Using the 010 Editor, we attempted to analyze the remediated AndroidManifest.xml binary file from Sample b356 with the AndroidResource template. This initial attempt failed, revealing issues beginning at pos:0 of the file.

By comparing this with a standard AndroidManifest.xml binary file, we noticed a discrepancy right at the first byte.

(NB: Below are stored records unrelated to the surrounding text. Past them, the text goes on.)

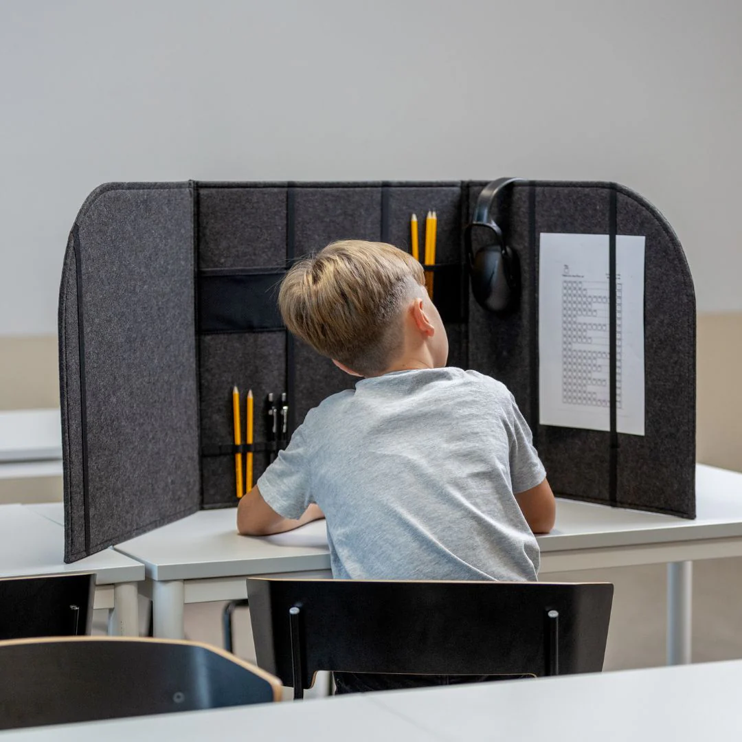 Skab et roligt og fokuseret miljø med den store lyddæmpende skrivebordsskærm. Uanset om det er derhjemme eller i klasseværelset, er denne skærm en smart løsning for børn, der har brug for at skærme sig fra distraktioner. Den er ikke kun praktisk til daglig brug, men også ideel under prøver, hvor pladsen kan være trang. Målene på 50 x 50 x 50 cm gør den nem at integrere i enhver indretning, mens dens innovative design giver mulighed for at klappe den sammen eller hænge den op, når den ikke er i brug. Den er fremstillet af 100 % genanvendt polyester, hvilket gør den til et bæredygtigt valg for både børn og miljøet. Skivebordsskærmen tilbyder også praktisk opbevaring til papirer, kuglepenne, blyanter og andre småsager, hvilket hjælper med at holde arbejdsområdet organiseret. Den understøtter relevante kompetencer, der er vigtige for dit barns trivsel og evne til at lære. Den inviterer dit barn til at fordybe sig og tilbyder en perfekt ramme for koncentration og afslapning. Velegnet til børn fra 5 år og op, er denne lyddæmpende skrivebordsskærm en uundgåelig tilføjelse til ethvert studieområde.
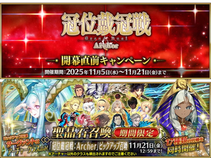 『FGO』はアーチャークラスの「冠位戴冠戦」を 2025 年 11 月 14 日より開催する。新たな戦いに備えるために、アーチャークラスのサーヴァント強化をサポートするキャンペーン『「冠位戴冠戦:Archer」開幕直前キャンペーン』(本キャンペーン)を2025年11月5日18:00から開催。
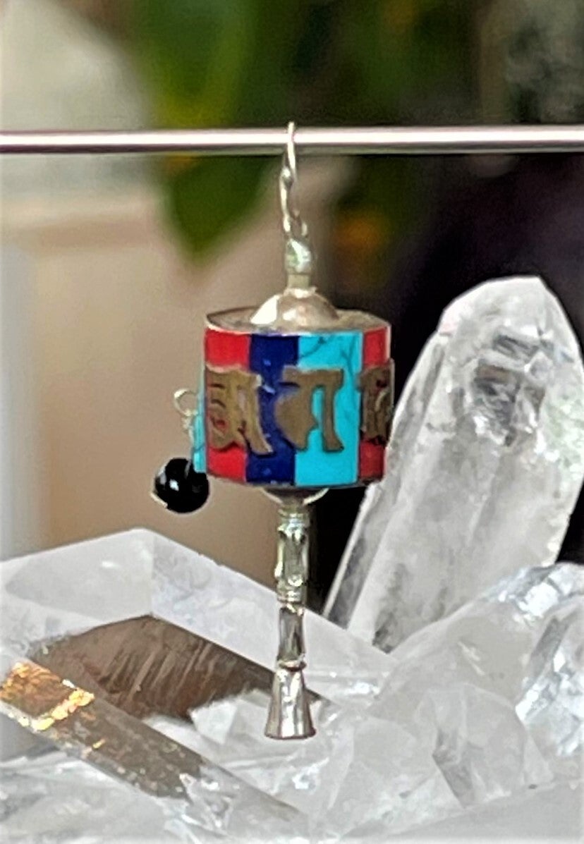Kleine zilveren gebedsmolen, Tibetaanse prayer wheel of mani wheel met mantra "Ohm Mani Padme Hum". Hangertje met Turkoois, Lapis Lazuli en Koraal uit Tibet
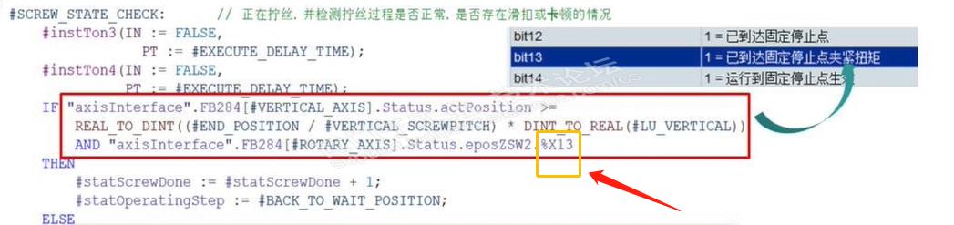 问1:Bit13置1只是表达已经达到了设定的扭矩,当Bit12置1才表示到达了固定停止点。但是课程中为什么是通过Bit13来表示已经到达固定停止点?
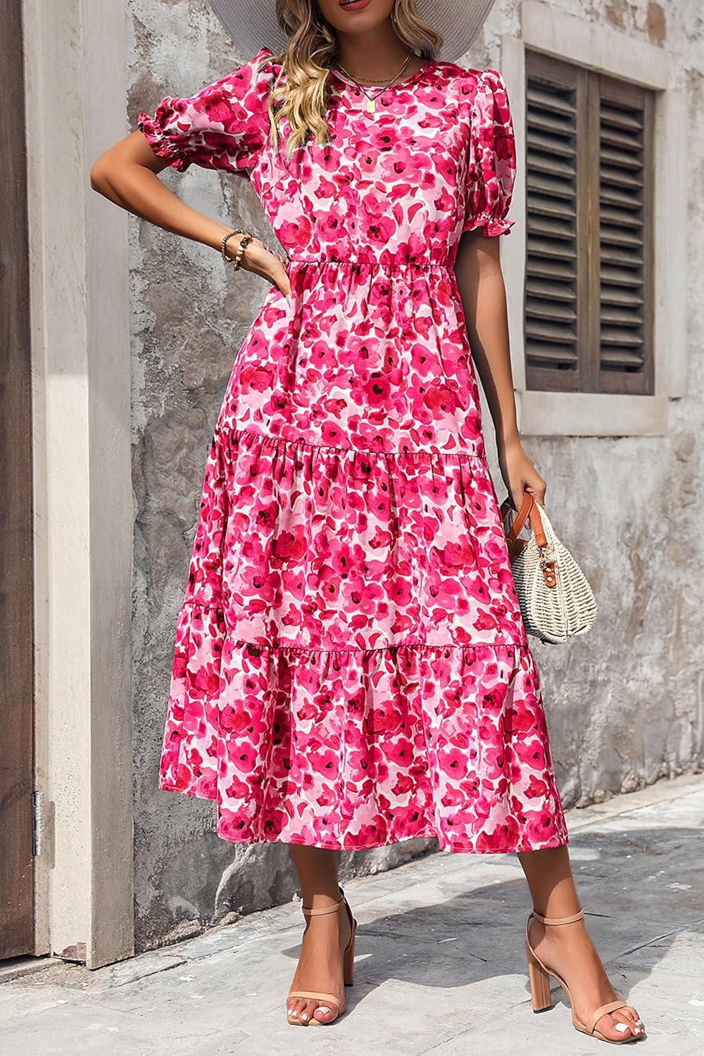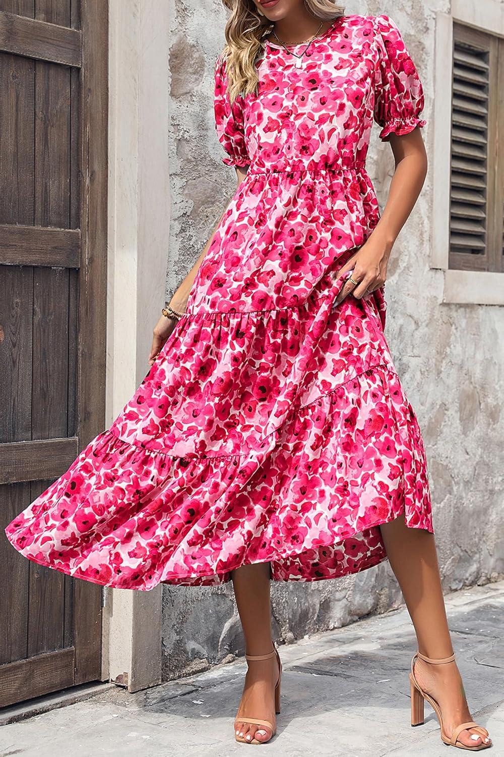 PRETTYGARDEN Summer Dresses for Women 2025 Casual Floral Boho Midi Sun Dress Puff Short Sleeve Flowy Beach Vacation Sundress(Floral Rose Red)
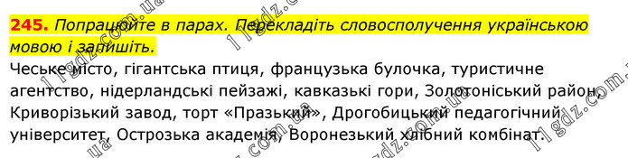 Попрацюйте в парах. Перекладіть словосполучення українською мовою і запишіть. Чеське місто, гігантська птиця, французька булочка, туристичне агентство, нідерландські пейзажі, кавказькі гори, Золотоніський район, Криворізький завод, торт «Празький», Дрогобицький педагогічний університет, Острозька академія, Воронезький хлібний комбінат.
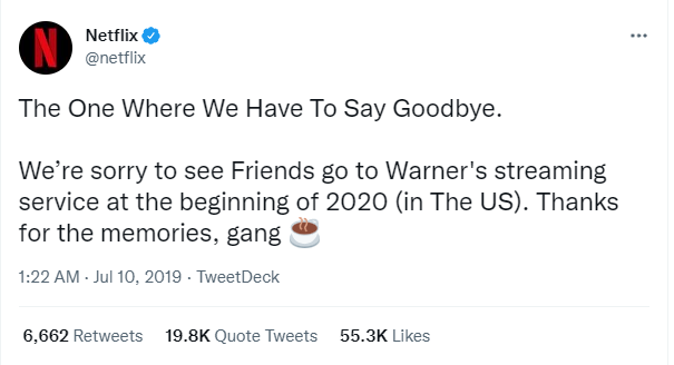 Reed Hastings, Netflix’s CEO, understood the threat early on, before its newly emerged competitors started to pull the plug on Netflix by removing their most prized licensed content such as Friends, all of Disney & Marvel movies and more.
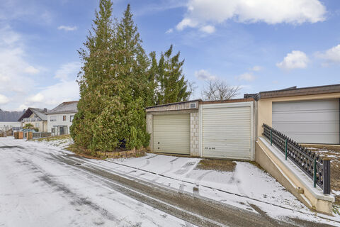 Bereits auf dem Grundstuck vorhanden sind zwei massiv gebaute Doppelgaragen, die vielseitig genutzt werden konnen. Eine der Garagen ist aktuell fur 50 € monatlich vermietet; das Mietverhaltnis kann unter Einhaltung der gesetzlichen Kundigungsfrist von drei Monaten beendet werden.
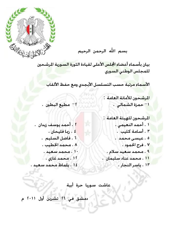 بيان بأسماء أعضاء المجلس الأعلى لقيادة الثورة السورية المرشحين للمجلس الوطني السوري

Resource Type Definitions:

enum {

        RES_NULL_TYPE = 0x0000, 
        RES_STRING_POOL_TYPE = 0x0001, 
        RES_TABLE_TYPE = 0x0002, 
        RES_XML_TYPE = 0x0003, // Chunk types in 
        RES_XML_TYPE RES_XML_FIRST_CHUNK_TYPE = 0x0100, 
        RES_XML_START_NAMESPACE_TYPE= 0x0100, 
        RES_XML_END_NAMESPACE_TYPE = 0x0101, 
        RES_XML_START_ELEMENT_TYPE = 0x0102, 
        RES_XML_END_ELEMENT_TYPE = 0x0103, 
        RES_XML_CDATA_TYPE = 0x0104, 
        RES_XML_LAST_CHUNK_TYPE = 0x017f, // This contains a uint32_t array mapping RES_XML_RESOURCE_MAP_TYPE = 0x0180, // Chunk types in RES_TABLE_TYPE RES_TABLE_PACKAGE_TYPE = 0x0200, 
        RES_TABLE_TYPE_TYPE = 0x0201, RES_TABLE_TYPE_SPEC_TYPE = 0x0202

};

According to Android specifications, this byte should typically be 0x03, which is not the case in Sample b356.

Why android can parse?

Locating the source code for Android parsing,

This is the point where the parsing of the Androidmanifest.xml binary initiates. Upon examining the source code, it becomes apparent that there is no validation of the first two bytes as 0x0003. Instead, the legality of the headerSize is the sole aspect subjected to verification. Consequently, even after altering the file type in sample b356, Android retains its capability to accurately parse the file.

Modification Suggestions

Static analysis tool fix suggestion: keep the same parsing process with Android system, no file type verification here.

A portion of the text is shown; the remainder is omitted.